Они перешли в гостиную. Адель открыла лакированную крышку старого пианино, и ее пальцы порхнули над клавишами:

                                    Белой акации гроздья душистые

                                    Вновь аромата полны,

                                    Вновь разливается песнь соловьиная

                                    В тихом сиянии чудной луны!..

Маргарита Георгиевна запомнила тот вечер, когда Николай Борисович решился все же и пришел в ее дом на ужин. И вновь Адель пела этот романс:

                               ... Помнишь ли лето: под белой акацией.

                                   Слушали песнь соловья?..

                                   Тихо шептала мне чудная, светлая:

                                   "Милый, поверь мне!.. Навек я твоя".

                                   Годы давно прошли, страсти остыли.

                                   Молодость жизни прошла.

                                   Белой акации запаха нежного,

                                   Не забыть мне уже никогда...***

– Я просто обязан пригласить вас,– Николай Борисович улыбнулся ей и вышел из-за стола. Он был высоким, сильным человеком и больше походил на спортсмена, чем на именитого ученого.– Этот романс, как отголосок былого. Мой отец, царство ему небесное, был офицером. Вы понимаете, Рита, на плацах они обязаны были петь "Сопки Манчжурии", но в своем кругу  пели то, что было дорого сердцу. Есть ли у вас то, что дорого сердцу?

– Да,– кивнула Маргарита.– Память об отце, дружба с вами. Ведь мы будем дружить, Николай Борисович?.. Разве этого мало?..

– Рита,– немного смущенно заговорил Подъяловский.– Я вижу вас умную и интересную девушку. Настоящую красавицу...

– У вас есть друзья, Николай Борисович?– Она уже догадалась, что он хочет сказать.

– Скорей товарищи по работе, коллеги. Почему вы спрашиваете об этом, Рита?

– Потому вы до сих пор не женаты, Николай.

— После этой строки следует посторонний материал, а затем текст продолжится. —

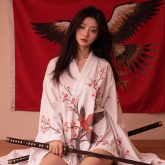 adding a dramatic and cultural atmosphere to the scene. The overall composition suggests a blend of traditional Japanese aesthetics with a modern artistic approach.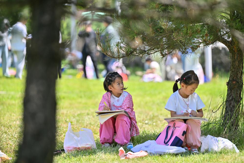 7月22日,两名小学生在大通县边麻沟花海景区内参加暑期美术写生研学活动。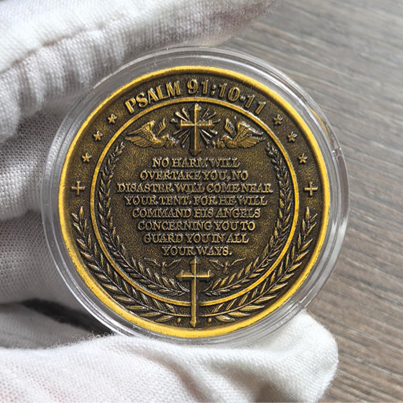 Denne vakkert utformede utfordringsmynten har et imponerende bilde av erkeengelen Mikael på forsiden, som representerer styrke og beskyttelse, mens baksiden bærer et sitat fra Salme 91:10-11, som formidler et budskap om tro og håp.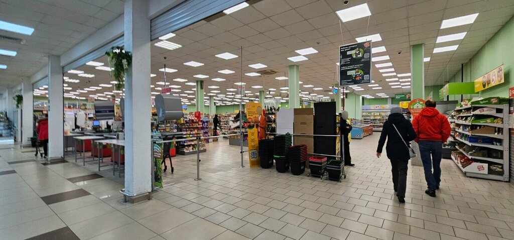 ( Про пятёрочку слева от входа с кассами самообслуживания) Так себе магазин, странные охраники и продавцы, обозленные кражами. Очень неприятно, когда за тобой ходить начинают и рассматривать. Бывает, что на кассе самообслуживания никого нет, хотя персонал есть в зале, на просьбы подойти и помочь не всегда реагируют.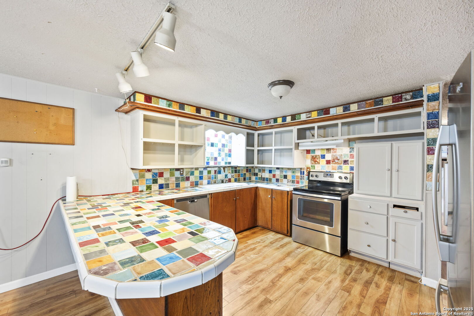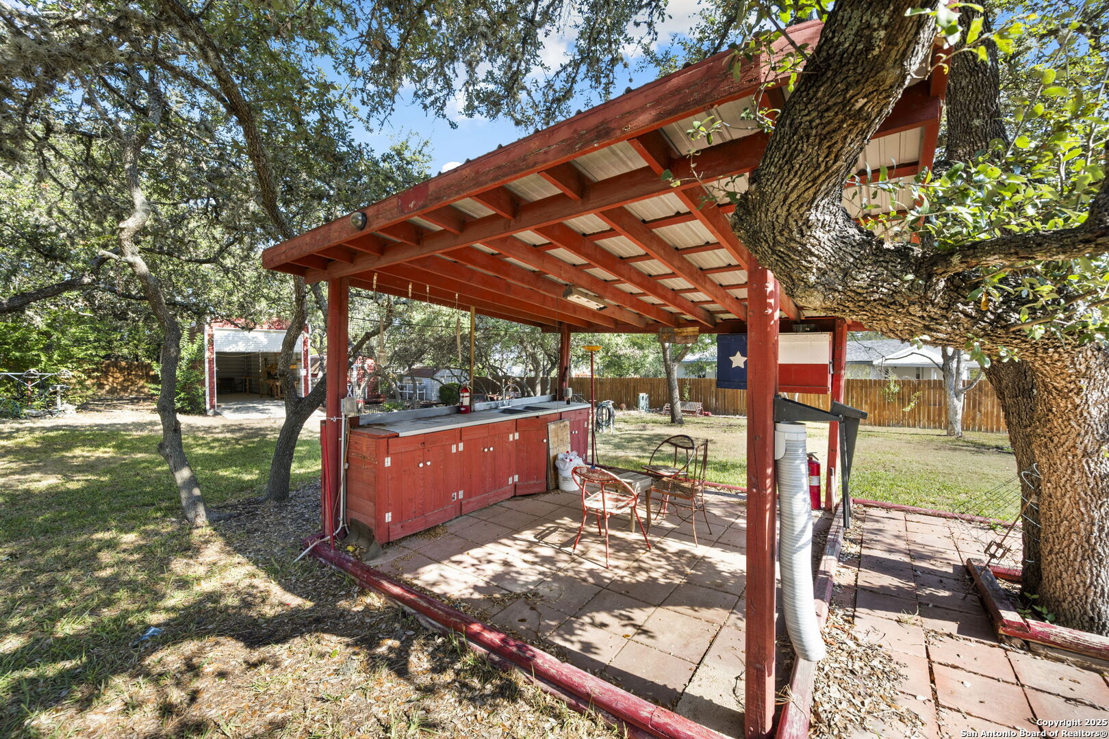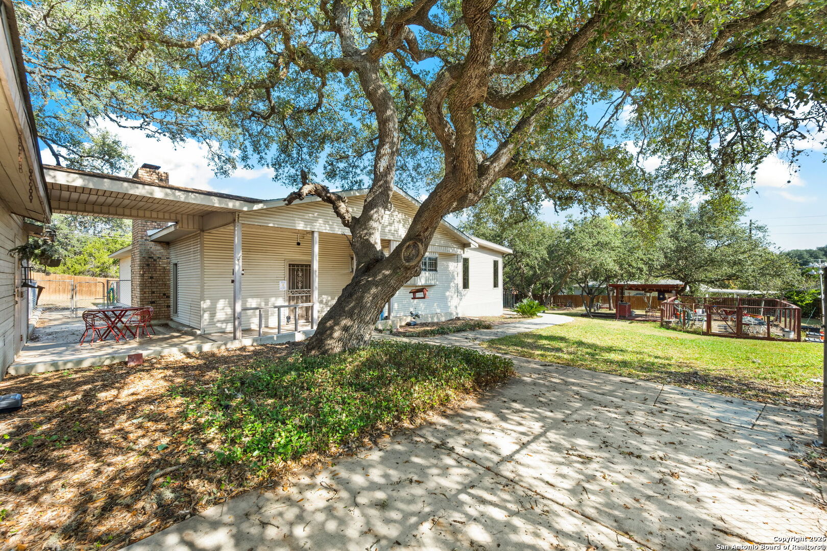 Property is being SOLD AS-IS! Set on a private lot, this expanded manufactured home has been thoughtfully enhanced with a spacious two-car garage, ample parking, stainless steel appliances, redone primary suite bathroom, and an outdoor workshop - perfect for hobbies, storage, or RV parking. Discover this spacious manufactured home set on a 0.68-acre lot with plenty of mature trees up 281N! Don't miss this unique "as-is" property offering space, functionality, and charm in a highly desirable location with award winning schools! The seller has added accessibility ramps, and a grab bar in the primary bath shower making the home ADA-appropriate and easy to navigate, ensuring comfort and convenience for everyone. Enjoy the outdoors in your lovely covered sitting area, that includes a plumbed sink and outside electrical outlet surrounded by mature landscaping and a beautiful garden space to relax or entertain. Two additional storage sheds provide even more room for tools, toys, or seasonal decor. With its unbeatable location, great schools, and a combination of comfort, versatility, and outdoor living, this rare property is full of potential and ready for your personal touch.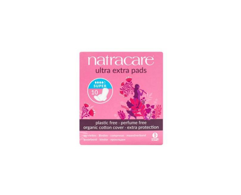 Compresas para la menstruación naturales y absorbentes para flujo medio, con una capa acolchada adicional y con alas. No contienen materiales plásticos, cloro, rayón, látex, aditivos químicos, fragancias ni tintes.
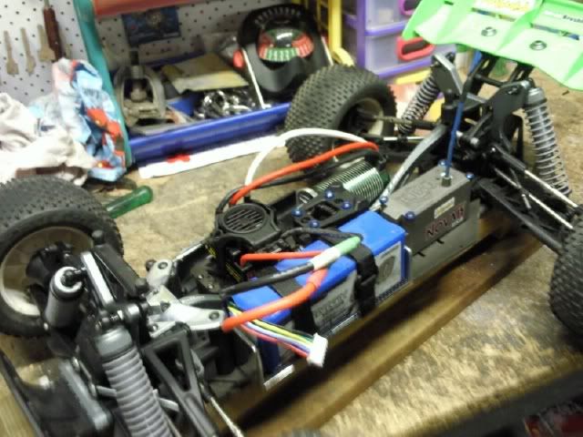 A problem i will try to sort out tomorrow is getting the wheels balanced so my truggy isn't getting shaken to bits. Also my 30c 5s Turnigy lipo is performing very well and doesn't get too warm. Takes 128mins to fully charge. Loads of power! |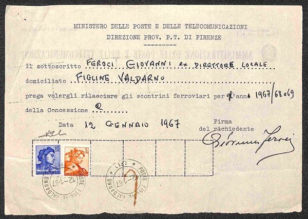 Michelangiolesca (902+913) - 2 valori usati su modulo per richiesta rinnovo concessioni - Figline Valdarno 12.1.67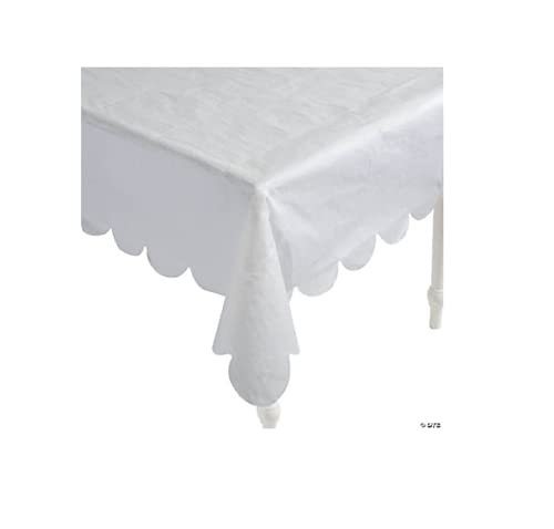 Add a touch of elegance to your next event with our White Scalloped Paper Table Cover! This 54"x108" table cover not only adds a clean, modern look but also makes clean up a breeze. No need to worry about spills or messes - just enjoy the party!

– Я не видел в этом смысла,– ответил он.– Был постоянно занят... Не думал об этом... Нет, я просто не встретил вас...

Тем временем Адель запела из Цветаевой:

                                 Мне нравится, что вы больны не мной.

                                 Мне нравится, что я больна не вами,

                                 Что никогда тяжелый шар земной

                                 Не уплывет под нашими ногами...

– Вам тридцать восемь лет, мне восемнадцать,– неожиданно сказала Маргарита.– Меня это не смущает,– и прошептала, глядя в его глаза:– Быть может, наша дружба станет чем-то большим...

– Я не вижу для этого препятствий. Никаких препятствий. И скажу прямо, я не так молод, чтобы упускать этот шанс... Две старухи свели нас сегодня. Я знал, на что иду. Думаю, вы тоже понимали это.

– В таком случае, перейдем на ты, Николай!– Улыбнулась Маргарита.

– Согласен. Я бы хотел посмотреть вашу библиотеку...

– Зачем?

– Если я скажу, что ты умна не по годам, ты не обидишься?

– Нет, потому что я знаю это!

– И ты знаешь, чего хочешь?

– Не так быстро, Николай,– снова улыбнулась Маргарита.

– Я не об этом, Рита,– в этот момент в глазах Подъяловского мелькнуло нечто такое, от чего сердце Маргариты затрепетало.– Я спрашиваю о том, что ты хочешь получить от жизни? Потому что я могу дать очень много. Больше, чем ты можешь представить.

– А ты не будешь смеяться надо мной?

– Нет.

– В конце жизни я хочу оглянуться назад с гордостью...

– Поверь мне, Маргарита, это опасный путь,– неожиданно сказал Подъяловский.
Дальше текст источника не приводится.